At Peggy’s Cove they have a saying: “The fog comes and goes at will. You should not begrudge it for this, but only wish that you could be as free.”
Day 1: Arrived in Halifax yesterday to purchase food, supplies and weigh in. Debbie Brekelmans, Maritime Airs ace pilot, assesses the weather and decides that the cloud cover is low, but acceptable and she can fly underneath at 650-700 feet. Having fully expected weather delays I had allowed ten days for the expedition and I am elated that my first scheduled departure day is about to materialize. I knew that planning a trip there in June, one of the foggiest months, would be risky for flights. It was a gamble that paid off….
After we fly out past the rocky coast of Nova Scotia and over open ocean, it hits me that I may have ten full days for this experience. We are flying so low that I am able to spot whales and I feel this must be a good omen.
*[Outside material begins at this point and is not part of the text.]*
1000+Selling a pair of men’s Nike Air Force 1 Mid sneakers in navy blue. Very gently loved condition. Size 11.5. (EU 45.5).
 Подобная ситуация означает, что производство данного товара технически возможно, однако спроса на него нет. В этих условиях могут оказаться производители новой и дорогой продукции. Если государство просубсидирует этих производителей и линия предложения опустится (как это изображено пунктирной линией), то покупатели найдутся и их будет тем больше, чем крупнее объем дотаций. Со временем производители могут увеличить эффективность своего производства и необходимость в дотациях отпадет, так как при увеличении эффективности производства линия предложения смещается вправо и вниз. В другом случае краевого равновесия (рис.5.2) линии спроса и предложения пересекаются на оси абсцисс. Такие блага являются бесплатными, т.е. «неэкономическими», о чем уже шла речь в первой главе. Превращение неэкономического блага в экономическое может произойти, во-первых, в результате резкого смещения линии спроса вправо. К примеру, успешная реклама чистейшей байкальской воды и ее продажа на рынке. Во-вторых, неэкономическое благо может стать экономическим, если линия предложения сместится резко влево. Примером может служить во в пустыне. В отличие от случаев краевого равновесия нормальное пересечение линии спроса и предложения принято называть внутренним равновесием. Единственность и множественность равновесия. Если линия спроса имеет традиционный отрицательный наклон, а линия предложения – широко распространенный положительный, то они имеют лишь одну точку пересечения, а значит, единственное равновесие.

The nearer we get to Sable, the more our pilot is having to weave her way in and around fog patches and by the time we get to where the island is located we no longer have visual contact with the ground. Since she is landing by visual control, there is no option but to stay airborne. After climbing above the fog several times to scout for an opening Debbie tells us that she can continue circling in the hopes that the fog will break, with fuel to manage this for one hour at a cost of $20/minute. Or we could turn back and abandon the trip. In over 300 trips to Sable she has only had to turn back twice. Just as the discussion begins the clouds suddenly part and we could see the island in its entirety!
A huge collective sigh of relief from 5 passengers with their hearts set on a Sable Island adventure, brings the plane into final approach on the sandy plains near main station. Hurriedly we unload the plane, our bags and supplies placed on Gators and ferried to the staff quarters. A quick (and familiar) briefing by acting island supervisor Alan Wilson, and I dash out the door with my gear on my back.
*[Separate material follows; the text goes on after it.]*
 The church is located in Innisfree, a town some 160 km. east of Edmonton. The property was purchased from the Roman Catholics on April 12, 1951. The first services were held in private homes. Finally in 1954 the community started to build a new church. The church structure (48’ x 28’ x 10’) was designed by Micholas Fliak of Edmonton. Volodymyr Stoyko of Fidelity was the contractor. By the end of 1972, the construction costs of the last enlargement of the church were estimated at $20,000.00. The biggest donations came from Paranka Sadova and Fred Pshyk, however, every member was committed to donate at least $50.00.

It has been two years and three months since my last visit. There is no doubt that I have formed an attachment to this place and to the horses. Not so much towards individuals, but more as a place that constantly exists in my mind so fully that upon returning it feels like a homecoming. This time there is an added element, one that is not so kind. It is a pervasive feeling that I must succeed in bringing home imagery above and beyond my previous trips. There is now an expectation, from myself and my clientele, and it has made me anxious.
A brief reconnaissance from the high dunes suggests that there are more horses to the west. The first individual I see is far in the distance, alone and moving slowly. Horses seldom travel alone, so I am thinking there must be more nearby. As I approach, the reason becomes clearer. This horse is injured, his right knee badly swollen and he is having difficulty traveling. It is the liver stallion ‘Spook’ and he is in bad shape and has lost his herd. He keeps looking into the distance as if to detect the slightest indication of other horses. An immediate reminder that life on Sable is not easy, and that help is not near. I wonder at this point if he will survive his injury, as I know many have not.
The light is typically flat and grey and I struggle to come up with something that will work photographically, but am grateful it is not raining. I come across several small bands including the silver foal from 2010, now a rambunctious two year old and doing really well. A yearling colt, looking shaggy and unkempt is doing his best to lose his furry foal coat in lieu of a smooth adult one. He is overtly friendly, crossing the line to nuisance and I have to push him away.